Cela rapproche le travail de la fratrie de Marcel Duchamp et de ses « ready-made ». La Sella, une selle de vélo fixée sur un pied lesté façon culbuto, était ainsi conçue pour téléphoner. A une époque où les communications coûtaient cher, son confort était volontairement limité pour ne pas que les conversations s’éternisent… Quant à son faible encombrement, il lui permet d’être installé dans les couloirs, où se trouvaient les téléphones. Le tabouret Mezzadro est lui constitué d’une assise en métal incurvé empruntée aux tracteurs, d’un pied en porte-à-faux et d’un bloc de hêtre pour le stabiliser au sol. Dans les deux cas, le design se fait épuré et lisible, se concentre sur l’ergonomie, ce qui séduit l’éditeur Zanotta, qui commercialisera plus tard ces deux assises.
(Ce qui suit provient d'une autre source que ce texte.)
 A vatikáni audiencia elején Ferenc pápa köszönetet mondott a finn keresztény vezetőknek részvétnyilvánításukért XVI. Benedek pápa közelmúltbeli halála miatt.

En 1955, pour sa lampe Luminator, Achille Castiglioni reçoit le premier d’une série de neuf Compasso d’Oro, le prix le plus prestigieux du design italien, dont le dernier décerné en 1989 « pour avoir élevé le design aux plus hautes valeurs de la culture par son expérience irremplaçable ». L’éclairage passionne Achille Castiglioni et il va bientôt avoir l’occasion de le démontrer à grande échelle…
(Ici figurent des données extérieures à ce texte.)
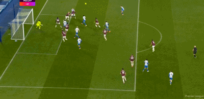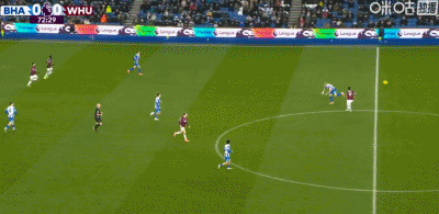 第73分钟,鲍恩倒地情况下小角度破门,西汉姆联1-0布莱顿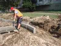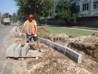 Вдоль автомагистрали по Кирова продолжаются работы по установке бордюров.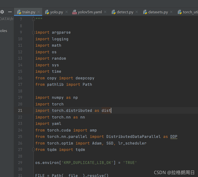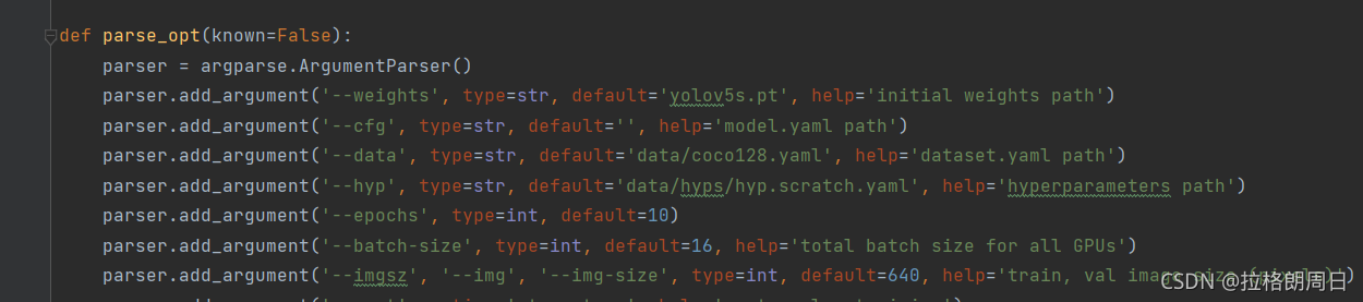 2.找到train.py文件,找到这段代码,data那行,那个yaml文件名得搞成你自己改的那个,如下图

Au début des années 1960, deux industriels milanais réputés, Dino Gavina et Cesare Cassina, créent Flos (fleur en latin) pour éditer des luminaires dans un nouveau matériau synthétique dont ils viennent d’acquérir les droits. Ils sollicitent les frères Castiglioni pour dessiner les premiers modèles. Les lampes Cocoon et Gatto enferment ainsi des ampoules dans une gangue de ce film plastique qui adoucit la luminosité. Au-delà de ce matériau, les Castiglioni débordent d’idées, que Flos ne tarde pas à éditer. Ils livrent une série de projets qui feront son succès (et continuent de le faire soixante ans plus tard !). Prenez Taccia (1962), cette lampe, dont le pied rappelle les cannelures ioniques, est surmontée d’une sorte de saladier en verre surmonté d’une plaque réfléchissante en guise de réflecteur : sculptural et efficace.
La Toio (1962) s’inscrit dans la veine ready-made en perchant un phare de voiture sur un piètement haut minimaliste. Quant à l’Arco (1962), qui devient le best-seller des Castiglioni, il emploie un bloc de marbre de Carrare de 65 kg comme contre-poids à son immense bras qui permet d’amener de la lumière où l’on veut dans son salon.
« Les objets doivent nous tenir compagnie »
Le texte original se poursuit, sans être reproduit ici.